The program behind the player
Barrington’s rise is about more than one position group. It’s a program with a defined voice at the top. “Coaching and teaching for me requires mostly listening. Many get the leadership model backwards. It’s not just about talking, it’s about listening, so we can know how someone is feeling and what their concerns are. Then, we can better direct our response and be a resource for them,” said Joe (“Joey”) Sanchez, Head Football Coach, in Quintessential Barrington.
“Our job is to figure out how to support our kids the best way we can, and we want their parents to know that we treat them as if they are our own sons,” Sanchez said in Quintessential Barrington. And the mission runs longer than any fourth quarter: “There is a short window of time we have with each player, four, or sometimes fewer years. For us, it’s about helping them become the best students, leaders, husbands, fathers—and football is our platform,” he said in Quintessential Barrington.
That standard has shown up in games, too. “The guys from last year’s group — they set the standard in terms of what and how it needs to be done,” Sanchez said after a 64–21 season-opening rout of South Elgin, as reported by Daily Herald. Two weeks later, he added, “We were efficient and effective in running and throwing. We try to take what the defense gives us and right now we have the pieces to do that,” following a 51–21 win over Glenbrook South, according to Daily Herald.
A school built to sustain success
Barrington High School is one of the state’s larger and more academically robust public schools — the kind of ecosystem that can support big-stage athletics. The campus serves approximately 2,759 students in grades 9–12, with a student–teacher ratio around 16:1. Minority students make up roughly 44–45% of enrollment, and the school posts a graduation rate around 94%, according to PublicSchoolReview. Those numbers reflect a deep talent pool and a community that expects results.
Family fuel — and what comes next
Ploder’s model for that commitment started at home. “I saw how hard she worked every single day,” Charlie Ploder said of his older sister Berkeley, a standout who led Barrington volleyball deep into state brackets. “She was my mentor going into high school. I learned to work hard and that there will be times things don’t go your way. You have to learn from it and don’t let those things hold you back,” he said in Chicago Tribune.

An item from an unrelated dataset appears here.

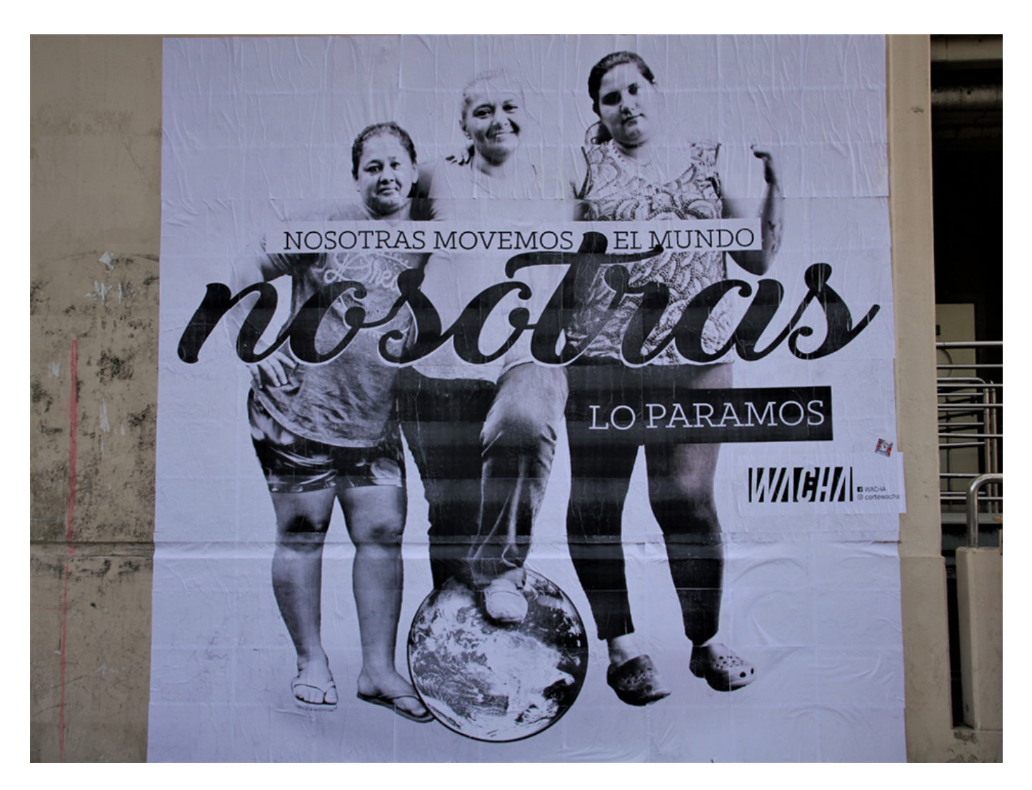
'We move the world, we stop it', an intervention that took place during the 8M March based on a photograph taken of comrades from the Movement of Excluded Workers, La Plata, Argentina.

partner, helping an older person to take a bath, carrying out health check-ups, or teaching young children'. The second is characterised by indirect care activities, 'which do not entail face-to-face personal care, such as cleaning, cooking, doing the laundry and other household maintenance tasks (sometimes referred to as "non-relational care" or "household work"), that provide the preconditions for personal caregiving'. Direct and indirect care work operate in tandem, the physical and emotional labour that holds together the fabric of society.

Berkeley Ploder returned the favor in smaller, crucial moments. “Because our schedules rarely aligned — if I was home, he was at the gym, and if he was home, I was at practice — we would only see each other for short periods of time each day,” she said. “During those moments, I would always make it a point to check in with him, to ask how he’s doing academically and athletically. Even when he didn’t share much, I’d still offer bits of advice or perspective that might help him down the line,” she said in Chicago Tribune.
For his part, the senior captain is not done. “I set a lot of goals following my junior year for my senior year,” he said. “Every day, I was striving to get closer and closer to those goals. I’m completed some of them. I still have more to reach,” he said in Chicago Tribune.
The second-seeded Broncos already handled their opener 72–13 and are lined up for another test — including a home date against 15th-seeded Glenbrook South — on a bracket that rewards teams with staying power, as reported by MaxPreps, MyJournalCourier and Chicago Tribune. However far Barrington goes from here, Ploder’s transformation — from would-be slugger to quarterback’s shadow — suggests the Broncos will keep finding the right kind of contact at the right time.